In his own research, Borden is particularly well known for his academic studies of everyday occurrences such as car driving, skateboarding, walking and movies in relation to contemporary architecture and public spaces. His books Skateboarding and the City: a Complete History (Bloomsbury, 2019) and predecessor Skateboarding, Space and the City: Architecture and the Body, (Berg, 2001) offered an analytical and historical account of skateboarding, in part using the philosophy of Henri Lefebvre to interpret this global practice as a creative, political and urban act. His book Drive: Journeys through Film, Cities and Landscapes (Reaktion, 2012), similarly explored automobile driving as experiences of cities and urban spaces, using cinematic representations to explore different speeds, landscape and social conditions. Construct: Large Everyday Architecture (Routledge, 2026) explores bridges, tunnels, observation wheels, tower cranes and other large scale everyday architectures as symbols of urban and political conditions.

==Bibliography==
- Architecture and the Sites of History: Interpretations of Buildings and Cities, (Butterworth, 1995). Iain Borden and David Dunster (eds.).

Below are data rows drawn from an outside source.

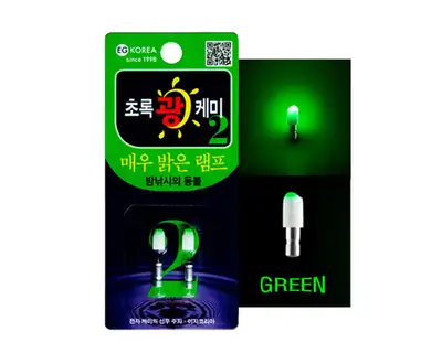 3mm 파이 크기의 초록색 전자케미. 기존 사용하던 LED 램프를 재사용 가능하도록 설계되어 있으며, 4.2칸 미만의 낚시대를 사용하시는 원거리 낚시를 위한 제품입니다.
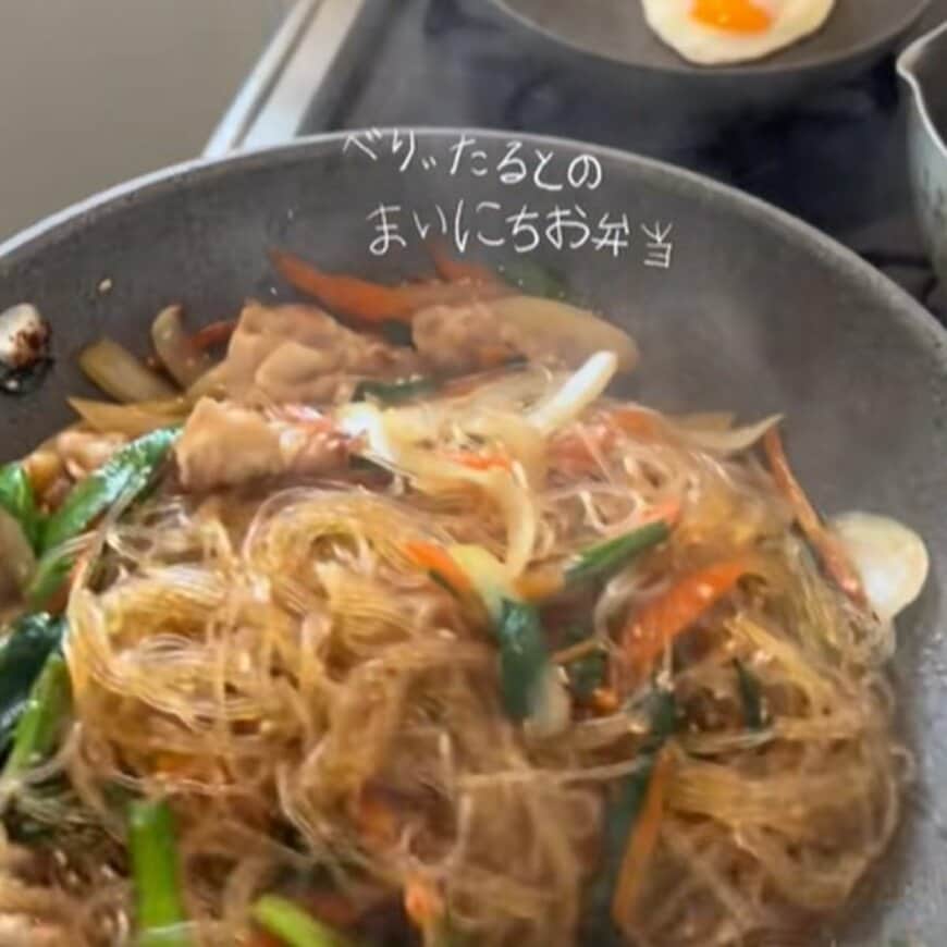 目玉焼きをトッピングした「チャプチェ弁当」を紹介する動画がTikTokで注目を集めています。
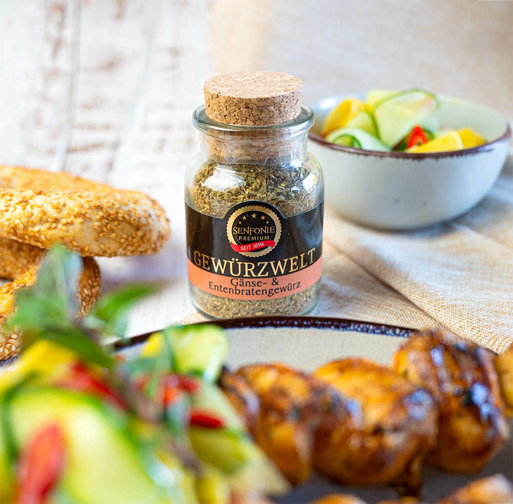 Die ausgewaschene, getrocknete Ente mit Gänse- & Entenbratengewürz würzen.
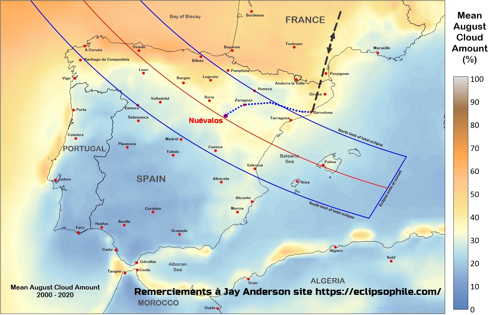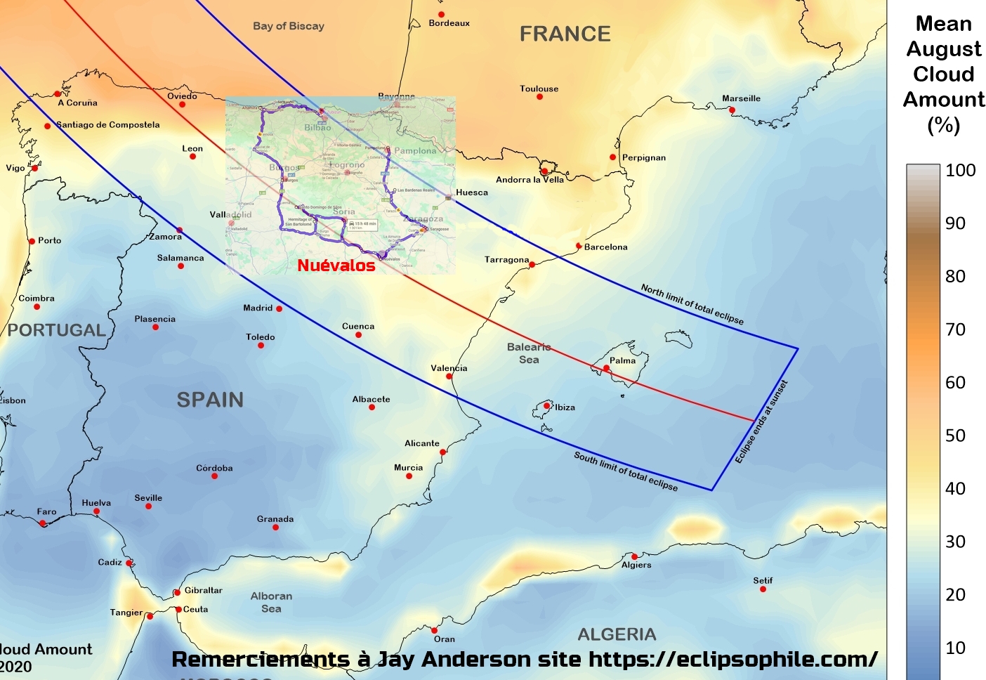 Observation de l’éclipse en fin de journée : A 30 mn de route et 40 km, vous croiserez la ligne de centralité vers Ayuntamiento de Torreblacos.
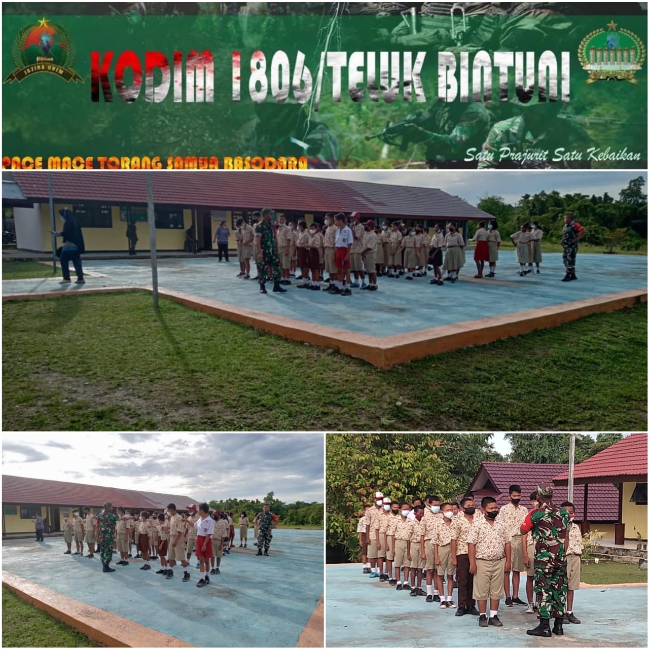 10 Orang Babinsa Koramil Persiapan Manimeri di pimpin Sertu Ghazali melaksanakan kegiatan Wawasan Kebangsaan dengan memberikan materi Pbb di SD Perintis Manimeri bertempat di jalan Bumisaniari Sp.3 Jalur 7 Distrik Manimeri Kabupaten Teluk Bintuni.

- Strangely Familiar: Narratives of Architecture in the City, (Routledge, 1996). Iain Borden, Jane Rendell, Joe Kerr and Alicia Pivaro (eds.).
- Gender Space Architecture: an Interdisciplinary Introduction, (Routledge, 1999). Jane Rendell, Barbara Penner and Iain Borden (eds.).
- InterSections: Architectural Histories and Critical Theories, (Routledge, 2000). Iain Borden and Jane Rendell (eds.).
- The Unknown City: Contesting Architecture and Social Space, (MIT Press, 2001). Iain Borden, Jane Rendell, Joe Kerr with Alicia Pivaro (eds.).
- Skateboarding, Space and the City: Architecture and the Body, (Berg, 2001).
- Manual: the Architecture and Office of Allford Hall Monaghan Morris, (Birkhäuser, 2003).
- The City Cultures Reader, (Routledge, revised and expanded second edition, 2003). Malcolm Miles and Tim Hall with Iain Borden (eds.).
- Bartlett Works, (August Projects, 2003). Laura Allen, Iain Borden, Peter Cook and Rachel Stevenson (eds.).
- Transculturation: Cities, Spaces and Architectures in Latin America, (Rodopi, 2005). Felipe Hernandez, Mark Millington and Iain Borden (eds.).
- Skateboarding, Space and the City: Architecture and the Body, (Shin-yo-sha, 2006). Japanese edition, translation by Miho Nakagawa, Masako Saito and Tsunehiko Yabe.
- Bartlett Designs: Speculating With Architecture, (Wiley, 2009). Laura Allen, Iain Borden, Nadia O’Hare and Neil Spiller (eds).
- Drive: Journeys through Film, Cities and Landscapes, (Reaktion, 2012).
- Forty Ways To Think About Architecture: Architectural History and Theory Today, (Wiley, 2014). Iain Borden, Murray Fraser and Barbara Penner (eds).
- The Dissertation: a Guide for Architecture Students, (Architectural Press, 2000 and 2005; Routledge, new edition 2014). Iain Borden and Katerina Rüedi.
- Skateboarding and the City: a Complete History, (Bloomsbury, 2019).
- Skateboarding and the City: a Complete History, (Japanese edition, 2024)
- “Design and Development Guidance for Skateboarding”, (Skateboard England, 2020).
- Construct: Large Everyday Architecture, (Routledge, 2026).